ACTIVITY ▸ If a line below falls between the line with "Se pretender igual" and the line with "bist du bei", or is one of those two, output it exactly; output nothing else and no pictures.

RECORDS FOR THIS TASK ▸
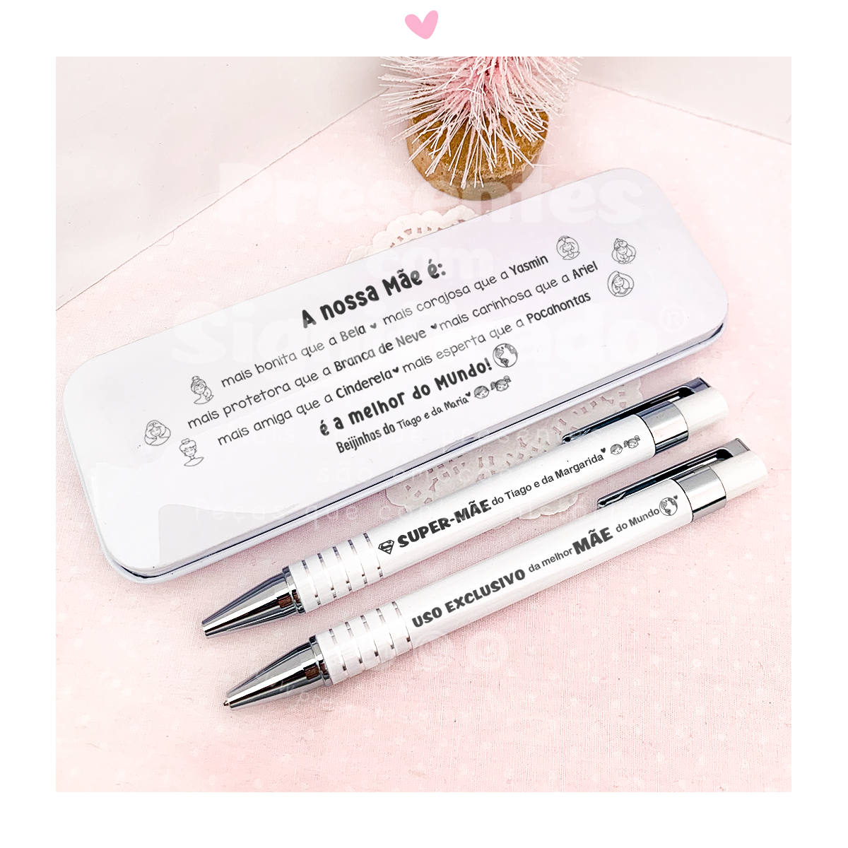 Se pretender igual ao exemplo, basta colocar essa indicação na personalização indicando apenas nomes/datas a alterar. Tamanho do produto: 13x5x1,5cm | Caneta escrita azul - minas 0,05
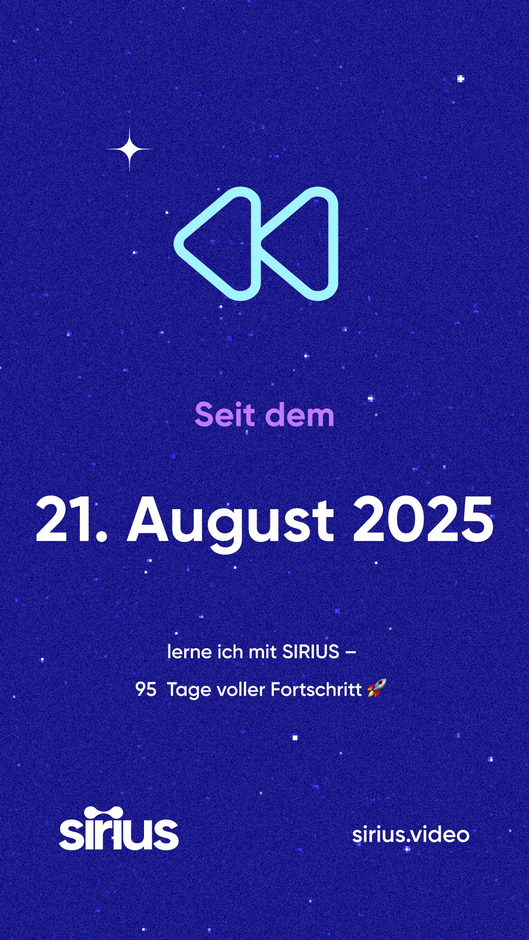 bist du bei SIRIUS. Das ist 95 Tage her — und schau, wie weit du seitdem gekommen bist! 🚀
==
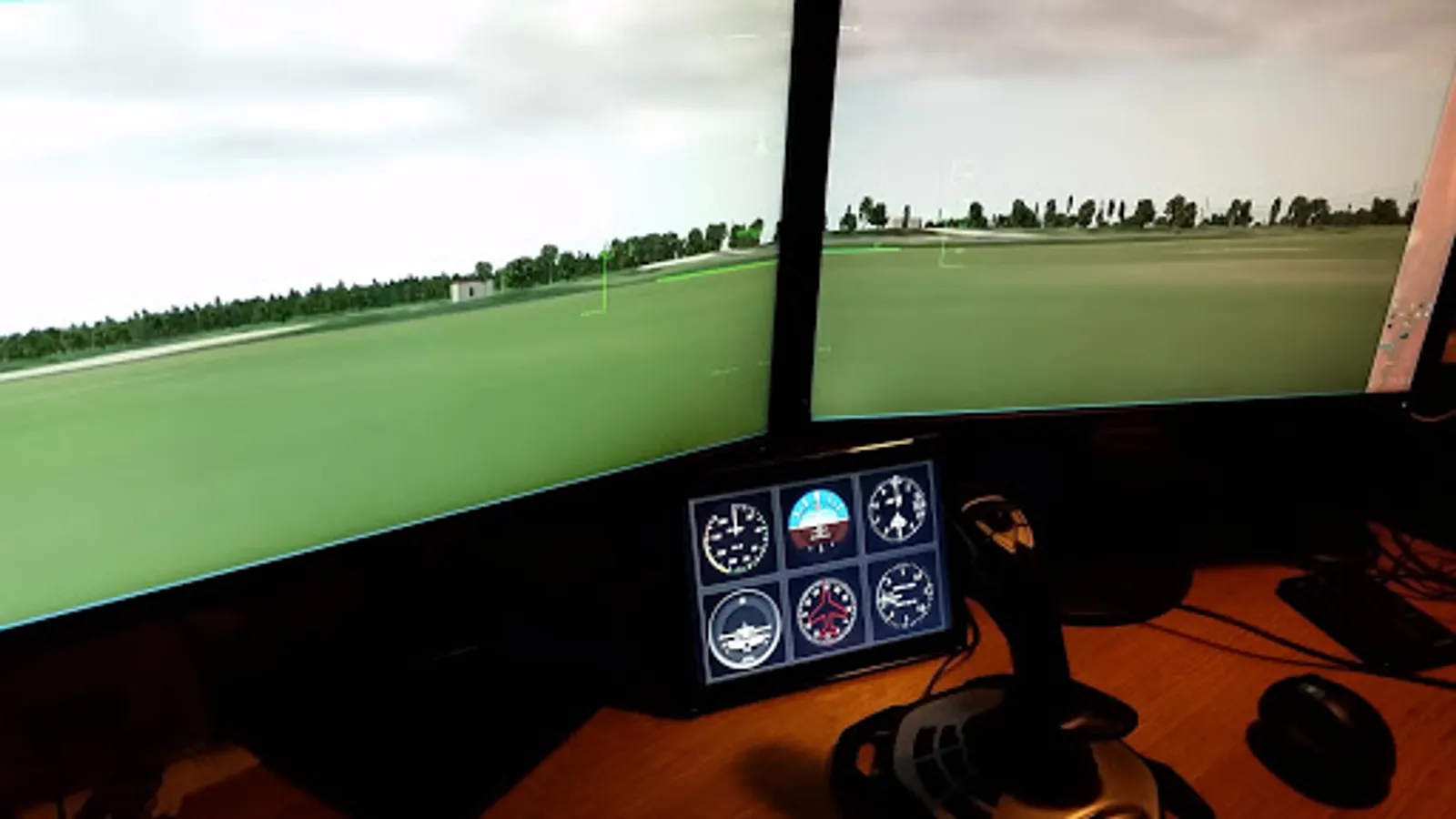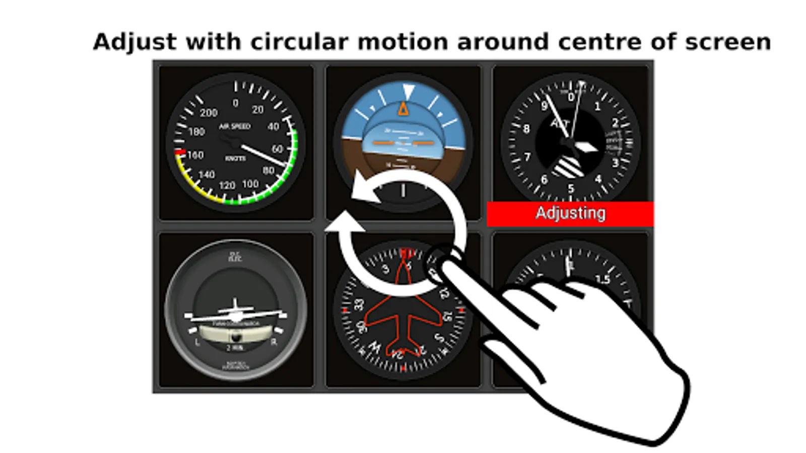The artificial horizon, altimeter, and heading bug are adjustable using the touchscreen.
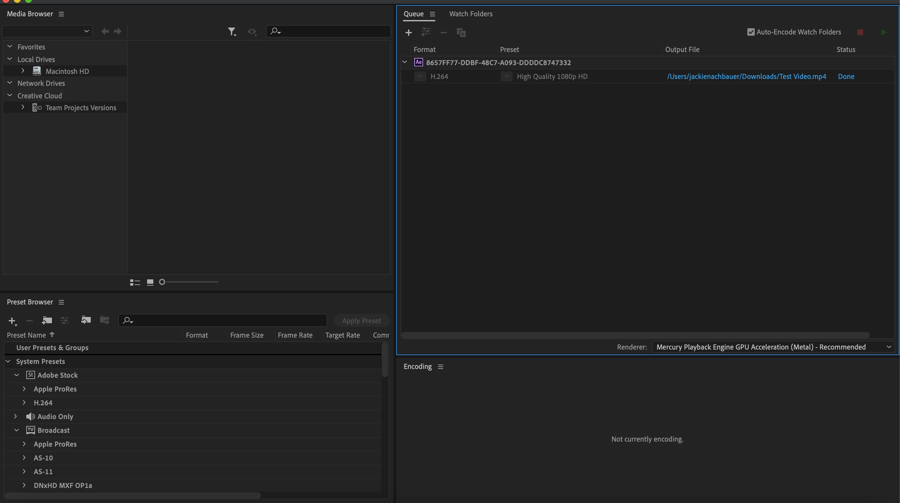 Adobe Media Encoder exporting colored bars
--
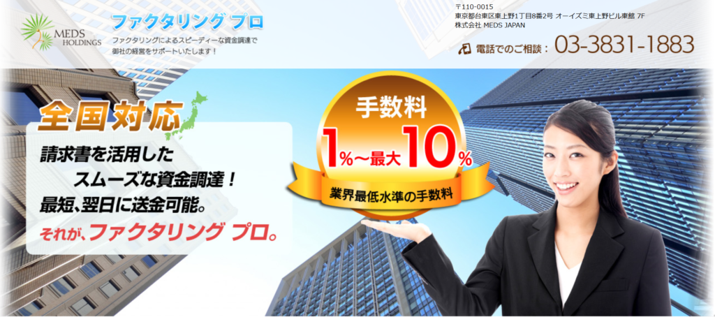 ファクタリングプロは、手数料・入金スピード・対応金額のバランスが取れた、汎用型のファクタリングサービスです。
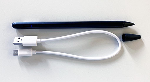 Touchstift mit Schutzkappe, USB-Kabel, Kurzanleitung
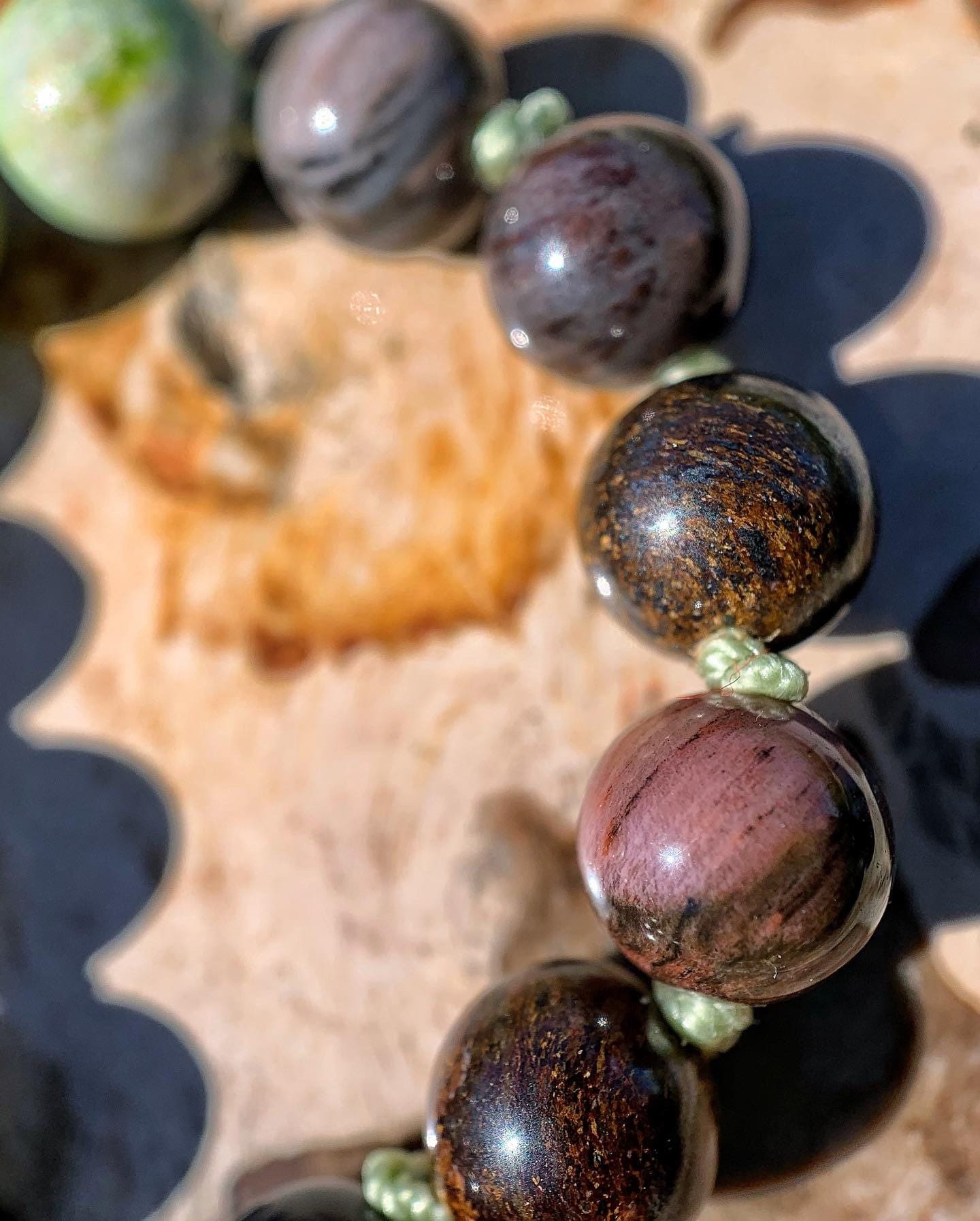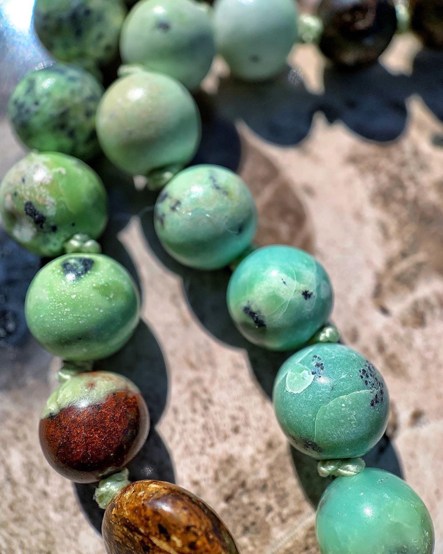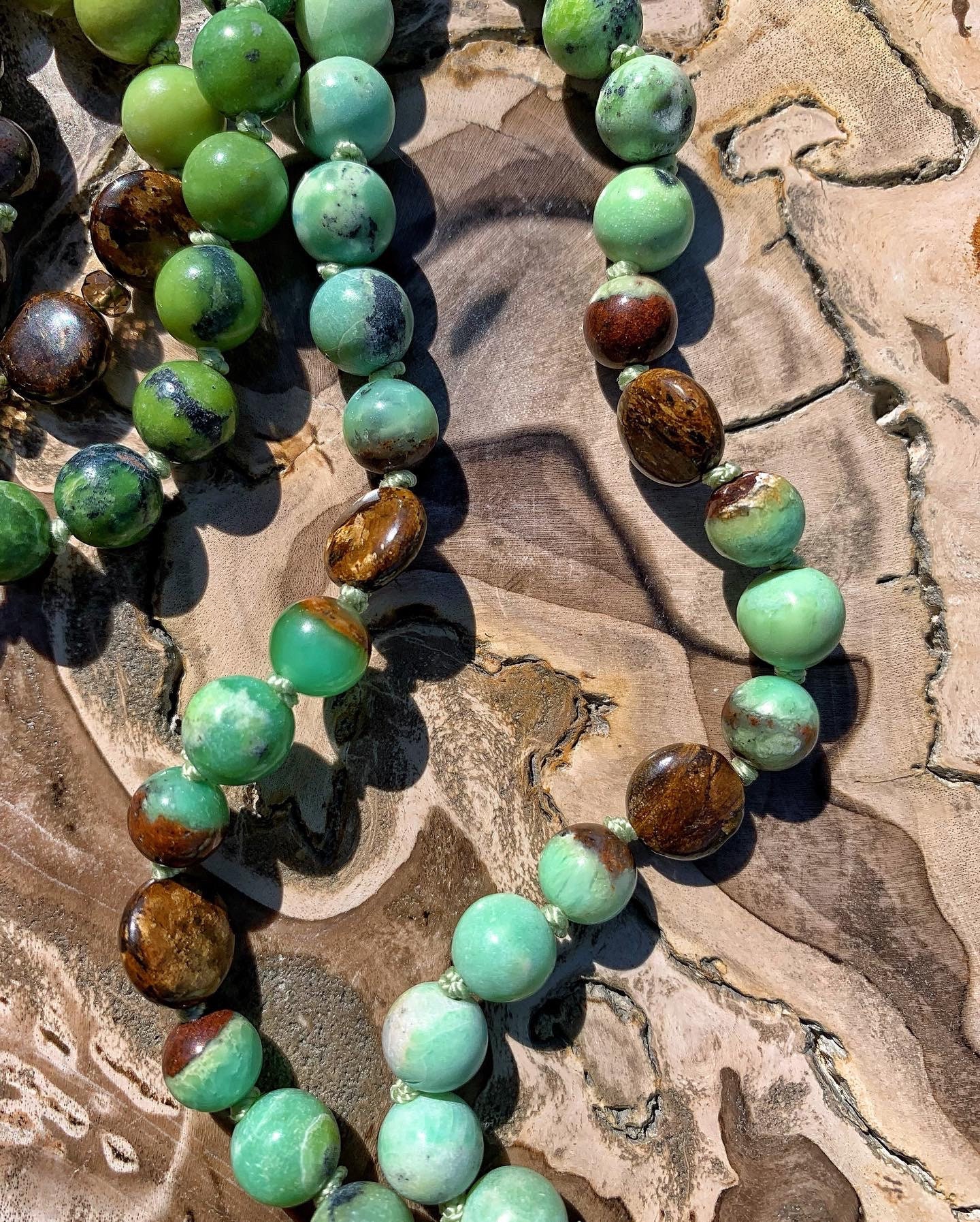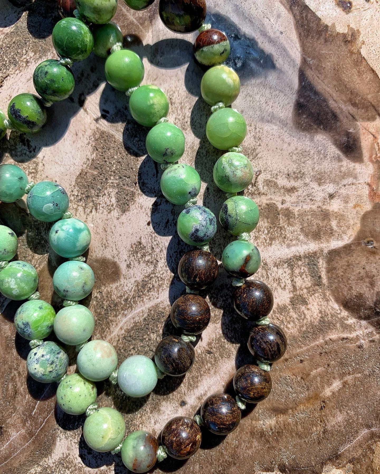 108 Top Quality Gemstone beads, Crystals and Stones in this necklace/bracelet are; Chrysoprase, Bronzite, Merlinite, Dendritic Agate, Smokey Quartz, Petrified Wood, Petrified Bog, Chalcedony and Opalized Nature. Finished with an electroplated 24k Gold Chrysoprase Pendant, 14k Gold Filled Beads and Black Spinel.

EXPECTED OUTPUT ▸
 Se pretender igual ao exemplo, basta colocar essa indicação na personalização indicando apenas nomes/datas a alterar. Tamanho do produto: 13x5x1,5cm | Caneta escrita azul - minas 0,05
 bist du bei SIRIUS. Das ist 95 Tage her — und schau, wie weit du seitdem gekommen bist! 🚀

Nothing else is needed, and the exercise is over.